The Schrödinger Equation

In quantum mechanics, the state of a system is defined by a mathematical function %$\Psi$%, called wavefunction.  %$\Psi$% is a function of the coordinates of all particles in the system and is also a function of time.

For simplicity, let examine the case where  %$\Psi$% is independent of time first.

Time-Independent Schrödinger Equation 

For a particle of mass m moving in an one-dimensional potential V(x) with an energy E, the wavefunction %$\psi$% of the particle satisfies the time-independent  Schrödinger Equation:

%MATHMODE{-\frac{\hbar^2}{2m} \frac{ { d}^{ 2} \psi }{ d { x}^{ 2} } + V(x) \psi = E \psi }%

 where  %$\hbar$% is %$\frac{ h}{ 2 \pi }$%. It can be rewritten as

%MATHMODE{ \left[ -\frac{\hbar^2}{2m} \frac{ { d}^{ 2} }{ d { x}^{ 2} } + V(x) \right ]\psi = E \psi}%

We can abbreviate the mathematical operation in the square bracket as

%MATHMODE{\hat H = -\frac{\hbar^2}{2m} \frac{ { d}^{ 2} }{ d { x}^{ 2} } + V(x)}%

%$\hat H$% is known as the Hamiltonian Operator.  In the general three-dimensional case, the Hamiltonian operator has the form:

%MATHMODE{\hat H = -\frac{\hbar^2}{2m} \left ( \frac{ { d}^{ 2} }{ d { x}^{ 2} } + \frac{ { d}^{ 2} }{ d { y}^{ 2} } + \frac{ { d}^{ 2} }{ d { z}^{ 2} }\right ) + V(\vec r) = -\frac{\hbar^2}{2m} { \nabla }^{ 2} + V(\vec r)}%

We will discuss more about operators in the next chapter.

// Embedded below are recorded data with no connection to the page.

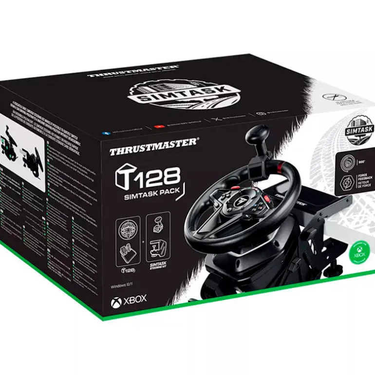 El T128 es compatible con PC (Windows 10/11), Xbox Series X|S y Xbox One. Para lograr una experiencia aún más completa al conducir equipo agrícola, el T128 SimTask Pack es un excelente complemento para el SimTask FarmStick.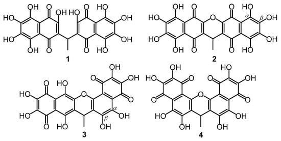 Ethylidene-bis(trihydroxynaphthazarin) 1, dibenzo[b,i]xanthentetraone 2 and two isomeric dibenzo[b,h]- (3) and dibenzo[c,h]- (4) xanthentetraones. In contrast to [], all quinonoid compounds are depicted as derivatives of 1,4-naphthoquinone.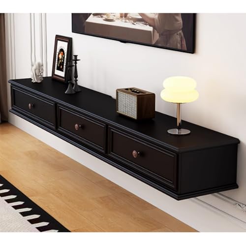 RQLSSSLMXJ Meuble TV Mural Suspendu Noir avec tiroirs, Console multimédia, Gestion des câbles, Meuble TV en Bois Massif pour Rangement sous Le téléviseur (30 cm, 140 cm) - Design Moderne et é

The Schrödinger Equation then has a simpler form:

%MATHMODE{\hat H \psi = E \psi}%

Let take a closer look at the time-independent Schrödinger equation for a special case, a free particle where V(x) = 0.  The Schrödinger equation then is given by:

%MATHMODE{-\frac{\hbar^2}{2m} \frac{ { d}^{ 2} \psi }{ d { x}^{ 2} } = E \psi }% or %MATHMODE{\frac{ { d}^{ 2} \psi }{ d { x}^{ 2}} = - \frac{ 2mE}{ { \hbar}^{ 2} } \psi}%

The general solution to this ordinary second-order differential equation has the form

%MATHMODE{ \psi = { e}^{ ikx} = cos(kx) + isin(kx)}%

where the wave vector k is

%MATHMODE{k = \sqrt{ \frac{ 2mE}{ { \hbar }^{ 2} } } \; \; \; or \; \; \; E = \frac{ { k}^{ 2} { \hbar }^{ 2} }{ 2m}}%

 Since V=0, the particle only possesses the kinetic energy, and thus

%MATHMODE{E = \frac{ { k}^{ 2} { \hbar }^{ 2} }{ 2m} = \frac{ { p}^{ 2} }{ 2m} }%

Consequently,

%MATHMODE{p = \hbar k}%

Since the wavefunction %$\psi$% oscillates with %$ \lambda = \frac{ 2 \pi }{ k}$%, the above equation yields the de Broglie's relation

%MATHMODE{\lambda = \frac{ h}{ p}}%

Time-dependent Schrödinger Equation

The state of the system, %$\Psi$%, changes in time according to the time-dependent Schrödinger Equation:

%MATHMODE{\hat H \Psi = i \hbar \frac{ \partial \Psi }{ \partial t}}%

where %$i = \sqrt { -1}$%. Note that %$\Psi$% is used to denote the time-dependent whereas %$\psi$% for the time-independent wavefunction.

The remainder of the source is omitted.